Leveraging Document Structure as Implicit Supervision: Treating panel labels and arrows as SoM cues effectively transforms decades of publishing standards into free weak labels. This can be extended to any domain following instructional layout conventions.
Dual-path Gating for Hallucination Suppression: Using visual markers as a "gate" for text proposals ensures textual labels are anchored to physical evidence, a practical trick for utilizing LVLMs in data mining.
Message Passing Benefits: Panel embeddings benefit from being at the center of the hierarchy, absorbing both top-down context and bottom-up evidence.
Reality of Data Efficiency: Achieving SOTA with 60% less data suggests the bottleneck for biomedical foundation models may be supervision granularity rather than raw volume, offering a path for teams with limited compute.
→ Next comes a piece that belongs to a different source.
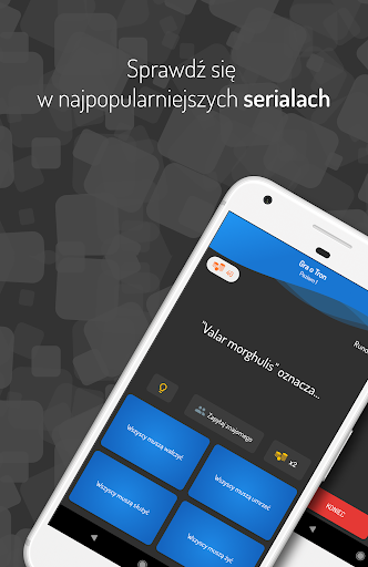 Sprawdź swoją wiedzę w swoich ulubionych serialach, zbieraj punkty, kompletuj osiągnięcia i spróbuj dotrzeć na szczyt tabeli wyników, by udowodnić, że jesteś najlepszy na świecie. To będzie najlepszy quiz w jaki kiedykolwiek grałeś.

Limitations & Future Work¶

Dependency on LVLM Parsing Quality: A ~20% error rate in panel decomposition indicates noise propagates into the supervision; the impact of this noise requires further study.
Restriction to "Marked" Figures: The method relies on explicit labels and arrows, potentially failing on continuous scene images (e.g., whole-slide histology) without such cues. ⚠️ Specific thresholds like \(\tau\) were not fully explored in terms of sensitivity.
Preprocessing Cost: The pipeline requires ~2900 GPU-hours, which, while a one-time cost, remains significant for small-scale researchers.
Code Availability: The model/data are not currently public, necessitating a custom pipeline with Qwen2.5-VL-72B for replication.

vs. BiomedCLIP / BMC-CLIP: These models rely on scaling corpus size (15M/24M). Ours focuses on upgrading the supervision granularity of existing data, surpassing them with 400K pairs.
vs. Open-PMC-18M: While it also crops panels, it reuses global captions. Ours uses identifier-driven association to pair specific text segments with panels and regions.
vs. FineCLIP / MedTrinity-25M: These rely on heavy manual labels or expensive vision-language models for per-region captions. Ours provides a "drop-in" alternative for biomedicine using inherent figure markers.

Rating¶

Novelty: ⭐⭐⭐⭐⭐ Leveraging instructional layouts as hierarchical supervision is a unique and generalizable insight.
Experimental Thoroughness: ⭐⭐⭐⭐ Covers various tasks and ablations, though lacks deeper sensitivity analysis on the decomposition noise.
Writing Quality: ⭐⭐⭐⭐ Clear motivation; logical explanation of the three-level hierarchy.
Value: ⭐⭐⭐⭐⭐ Proves that mining better supervision is a viable alternative to raw data scaling for biomedical AI.